28/6/1966 günlü, 766 sayılı Yasanın 33. maddesinin birinci, ikinci ve üçüncü fıkraları, taşınmazların 100 dönümlük miktarlarının tescili için herhangi bir belgeyi ya da bilirkişi ve tanık beyanlarını yeterli kanıt olarak kabul etmiş, bunları izleyen fıkra ise, daha geniş alanların tescili için zilyedliğin ayrıca belli ve inandırıcı kanıtlarından biri ile belgelendirilmesini istemiştir. 1617 sayılı Yasa buradaki 100 dönümlük miktarı 20 dönüme indirmiş ve beşinci fıkrada gösterilen belgeler aranmaksızın davacı adına tescil edilebilecek taşınmazlardan bir tapulama bölgesi içinde bulunanların alanların toplamını 50 dönümle sınırlamıştır. Bu yasal hükümlerle yapılan sınırlanmanın. mülkiyet hakkına dokunmadığı ve sırf tescil isteme hakkının doğmuş olduğunun kanıtlanmasına, bir başka söyleyişle kanıta ilişkin ve ona özgü bulunduğu açıktır. Belli miktardan büyük toprak alanını zilyedlikle kazanma davasında dayanılacak kanıtların inandırıcı olmasına önem verilerek sadece bunların sınırlaması yapılmıştır. Zilyediliğin yasada gösterilen inandırıcı kanıtlarla belgelendirilmesi durumunda miktar sınırlaması yoktur. Bu bakımdan mülkiyete konmuş bir sınırlamadan söz edilemez.

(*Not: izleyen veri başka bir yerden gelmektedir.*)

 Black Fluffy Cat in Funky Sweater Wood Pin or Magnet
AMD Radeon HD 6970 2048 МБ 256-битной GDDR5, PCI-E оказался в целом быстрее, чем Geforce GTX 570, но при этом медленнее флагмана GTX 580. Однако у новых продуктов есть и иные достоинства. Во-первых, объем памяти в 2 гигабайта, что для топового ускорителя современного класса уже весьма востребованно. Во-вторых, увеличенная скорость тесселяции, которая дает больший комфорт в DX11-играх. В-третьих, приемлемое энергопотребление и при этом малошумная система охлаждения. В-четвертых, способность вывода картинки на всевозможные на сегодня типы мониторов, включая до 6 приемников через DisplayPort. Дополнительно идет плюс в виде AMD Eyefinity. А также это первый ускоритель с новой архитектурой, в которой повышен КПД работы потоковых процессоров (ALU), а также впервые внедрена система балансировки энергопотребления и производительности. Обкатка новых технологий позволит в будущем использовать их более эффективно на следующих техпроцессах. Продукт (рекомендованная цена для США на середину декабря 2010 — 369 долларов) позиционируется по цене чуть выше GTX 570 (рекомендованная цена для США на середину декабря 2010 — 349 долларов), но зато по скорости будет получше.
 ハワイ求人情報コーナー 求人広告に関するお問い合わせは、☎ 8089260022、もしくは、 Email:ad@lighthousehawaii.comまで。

Anayasanın 37. maddesi Devlete "topraksız olan veya yeter toprağı bulunmayan çiftçiye toprak sağlamak amacıyla gereken tedbiri almak" ödevini vermiştir. Toprak, çoğaltılması olanağı bulunmayan bir taşınmaz olduğuna göre, Devletin topraksız veya az topraklı çiftçiye dağıtılması gerekli toprak rezervini elde bulundurmak için zilyedlikle toprak kazanma davalarında inandırıcı kanıta dayanılmasını istemesinde Anayasaya aykırılık bulunduğu ileri sürülemez.

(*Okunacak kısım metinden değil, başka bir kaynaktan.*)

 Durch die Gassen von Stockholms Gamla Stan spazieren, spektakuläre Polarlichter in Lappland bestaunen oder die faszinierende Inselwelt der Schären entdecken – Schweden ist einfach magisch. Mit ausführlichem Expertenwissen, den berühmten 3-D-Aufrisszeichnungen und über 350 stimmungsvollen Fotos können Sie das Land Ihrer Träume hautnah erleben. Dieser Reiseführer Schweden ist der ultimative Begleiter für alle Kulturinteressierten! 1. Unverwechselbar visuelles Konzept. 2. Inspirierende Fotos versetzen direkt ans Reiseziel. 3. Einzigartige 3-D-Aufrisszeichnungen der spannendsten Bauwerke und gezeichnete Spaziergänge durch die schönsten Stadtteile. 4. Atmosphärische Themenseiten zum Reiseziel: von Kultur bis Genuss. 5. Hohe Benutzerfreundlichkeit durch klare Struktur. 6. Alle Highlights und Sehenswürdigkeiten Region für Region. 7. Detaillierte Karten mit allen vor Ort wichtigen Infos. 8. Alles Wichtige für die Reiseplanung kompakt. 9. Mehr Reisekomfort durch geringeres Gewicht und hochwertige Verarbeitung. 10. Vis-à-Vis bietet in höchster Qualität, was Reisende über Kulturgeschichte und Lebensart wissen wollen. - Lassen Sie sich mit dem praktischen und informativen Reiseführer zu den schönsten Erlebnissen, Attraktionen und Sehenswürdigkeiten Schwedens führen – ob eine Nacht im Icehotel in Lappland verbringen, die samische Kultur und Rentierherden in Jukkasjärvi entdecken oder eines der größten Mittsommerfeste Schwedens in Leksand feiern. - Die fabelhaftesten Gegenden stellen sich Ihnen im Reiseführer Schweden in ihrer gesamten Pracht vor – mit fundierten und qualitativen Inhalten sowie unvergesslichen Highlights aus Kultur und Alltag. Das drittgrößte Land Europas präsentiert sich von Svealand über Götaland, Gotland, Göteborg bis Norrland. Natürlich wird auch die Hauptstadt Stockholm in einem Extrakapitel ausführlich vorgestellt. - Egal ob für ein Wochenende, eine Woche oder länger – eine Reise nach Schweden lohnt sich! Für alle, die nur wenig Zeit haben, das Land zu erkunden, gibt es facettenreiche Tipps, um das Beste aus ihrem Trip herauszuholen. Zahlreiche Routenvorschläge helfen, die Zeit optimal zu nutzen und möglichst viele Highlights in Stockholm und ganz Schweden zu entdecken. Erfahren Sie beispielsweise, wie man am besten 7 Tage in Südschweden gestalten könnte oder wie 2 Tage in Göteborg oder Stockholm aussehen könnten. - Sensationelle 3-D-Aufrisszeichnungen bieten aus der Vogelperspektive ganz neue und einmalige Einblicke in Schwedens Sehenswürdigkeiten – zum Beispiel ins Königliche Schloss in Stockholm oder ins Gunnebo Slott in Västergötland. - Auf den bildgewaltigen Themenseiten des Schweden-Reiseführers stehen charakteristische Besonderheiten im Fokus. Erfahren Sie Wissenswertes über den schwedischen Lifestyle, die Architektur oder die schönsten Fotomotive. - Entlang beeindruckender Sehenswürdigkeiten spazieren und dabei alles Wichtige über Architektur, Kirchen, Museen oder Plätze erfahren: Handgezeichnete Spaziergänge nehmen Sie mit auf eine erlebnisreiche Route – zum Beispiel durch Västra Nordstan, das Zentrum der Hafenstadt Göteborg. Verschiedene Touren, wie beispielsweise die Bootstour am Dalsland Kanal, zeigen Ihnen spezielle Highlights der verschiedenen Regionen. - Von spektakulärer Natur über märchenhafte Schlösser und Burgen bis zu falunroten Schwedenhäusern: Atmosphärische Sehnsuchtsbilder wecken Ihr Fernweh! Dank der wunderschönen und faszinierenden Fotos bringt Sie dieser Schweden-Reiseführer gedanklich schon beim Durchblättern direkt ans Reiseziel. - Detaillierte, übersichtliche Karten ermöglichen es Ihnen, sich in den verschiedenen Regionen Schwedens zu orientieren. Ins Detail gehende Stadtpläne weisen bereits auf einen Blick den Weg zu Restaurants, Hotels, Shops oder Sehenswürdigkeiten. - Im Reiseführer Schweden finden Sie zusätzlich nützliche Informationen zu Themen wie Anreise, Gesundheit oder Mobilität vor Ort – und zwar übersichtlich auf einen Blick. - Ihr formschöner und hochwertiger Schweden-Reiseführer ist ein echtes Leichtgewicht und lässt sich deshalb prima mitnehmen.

B) Toprak mülkiyetinin özelliği:
Mülkiyet, Anayasanın "temel haklar ve ödevler" başlıklı ikinci kısmının "sosyal ve ikdisadî haklar" a ilişkin üçüncü bölümünde düzenlenmiş bir temel haktır. 36. madde, herkesin mülkiyet hakkına sahip olduğu, bu hakların ancak kamu yararı amacıyla sınırlanabileceği, mülkiyet hakkının kullanılmasının toplum yararına aykırı olamayacağı genel kurallarını koymuştur. 37. madde ise toprak mülkiyetine ilişkin özel hükümler getirmekte, "kanun,... toprağın genişliğini gösterebilir" hükmünü içermekte ve bunun hangi amaçlarla yapılabileceğini de belirtmektedir. Nitekim 1617 sayılı Toprak ve Tarım Reformu ön tedbirler Yasası, Anayasanın 37. maddesinde belirtilen amaçlarla, belli miktarlardaki topraklar için herhangi bir belgeyi ya da bilirkişi ve tanık beyanlarını yeterli kanıt saymış, daha geniş alanların zamanaşımıyla kazanılması davasında ise Tapulama Yasasının 33. maddesinin beşinci fıkrasında yazılı kayıt ve belgelerden en az birine dayanılmasını zorunlu tutmuştur. Bu bakımdan, topraksız olan ya da yeter toprağı bulunmayan çiftçiye toprak sağlamak amacıyla özel mülkiyet konusu toprakların genişliğini belirtmeye Yasa Koyucuyu yetkili kılan Anayasa buyruğu karşısında, bir yasanın, doğrudan doğruya bu genişlikle ilgili davalarda kanıt sınırlaması yapamayacağını ileri sürmek olanaksızdır.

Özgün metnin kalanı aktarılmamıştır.